И ушел. Вот и думай — зачем мне нужна была эта встреча?
Постояв немного, я вышел через арку на Вокзальную площадь и по Замковому проспекту зашагал к Дворянскому собранию, очень надеясь, что милиционер ошибся, и все не так страшно. Или, например, что для меня, как для аристократа, все будет несколько быстрее. Собрание-то, в конце концов, дворянское!
* * *
— На кой черт тебе Вышемир? — на чистейшем русском спросил Кшиштоф Радзивилл.
Эта встреча в буфете была для меня действительно серьёзной неожиданностью. Я устал, как скотина, бегая по кабинетам, заполняя бланки и подавая заявления. Мне казалось — в таком мире, как Твердь, при здешних-то технологических и магических возможностях, никаких проблем быть не должно! Но! Дворянское собрание не зря размещалось в земщине. В родословную книгу, которая хранилась в Александровский Слободе при дворе Государя, меня внесли чуть ли не мгновенно — и дистанционно. Тут хватило свидетельства Вишневецкого и подтверждения от Риковича. И в своей личной юридике я мог делать все, что угодно и с какой угодно скоростью. Но тут…

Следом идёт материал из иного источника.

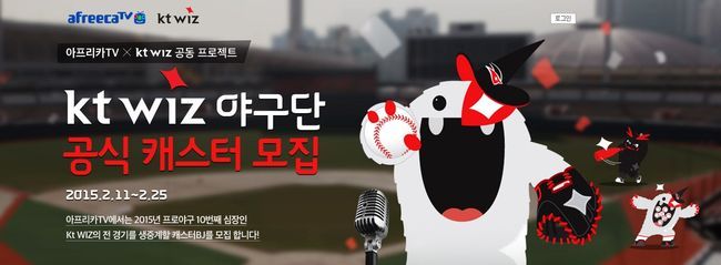 kt wiz 야구단(대표이사 김영수)은 오는 25일까지 라이브 소셜미디어 아프리카TV와 함께 구단 공식 홈페이지(ktwiz.co.kr)와 아프리카TV kt wiz 특별페이지(ktwiz.afreeca.com)에서 2015시즌 kt wiz 구단 방송 캐스터를 모집한다.

— Домовая книга на особняк у вас есть?
— А где план-схема от землеустроительной службы?
— Нужна справка о составе семьи с места предыдущей регистрации.

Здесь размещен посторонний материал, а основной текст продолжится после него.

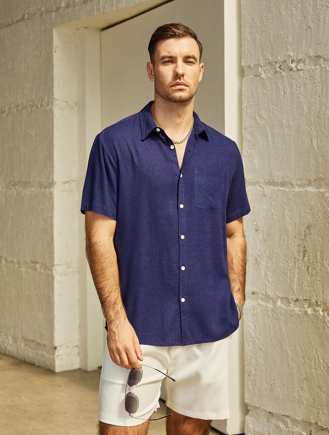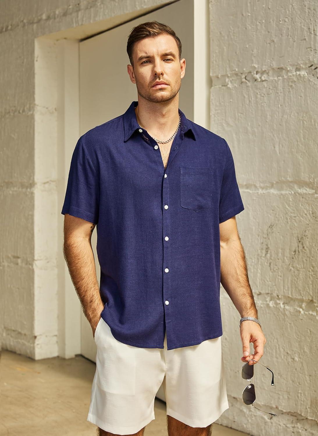 VATPAVE Mens Hawaiian Floral Shirts Cotton Linen Casual Button Down Short Sleeve Beach Shirts(Pure Royalblue)

— Заполните форму номер шесть на каждого из проживающих в юридике на момент вашего вступления в права собственности… Конечно, вы могли прислать поверенного в делах… Ах, у вас нет поверенного? Что ж, тогда вам в кабинет номер восемьдесят два, на третий этаж, там вам дадут список из семи сотен четыреста девяноста двух необходимых справочек…
Пока я проходил все эти круги ада и терся в кабинетах, мне в голову пришла догадка: они просто отыгрывались на мне! Эти клерки ненавидели аристократов, им доставляло истинное удовольствие мучить тех, кто обладал правами и привилегиями, недоступными простым смертным. А поскольку всякие магнаты и князья сами такими делами не занимались, отдавая их на откуп тем самым поверенным, то гроздья гнева чиновничьего обрушивались на только-только получивших личное дворянство магов, прошедших инициацию второго порядка, и на таких, как я — мелкопоместных аристократов из свободных родов.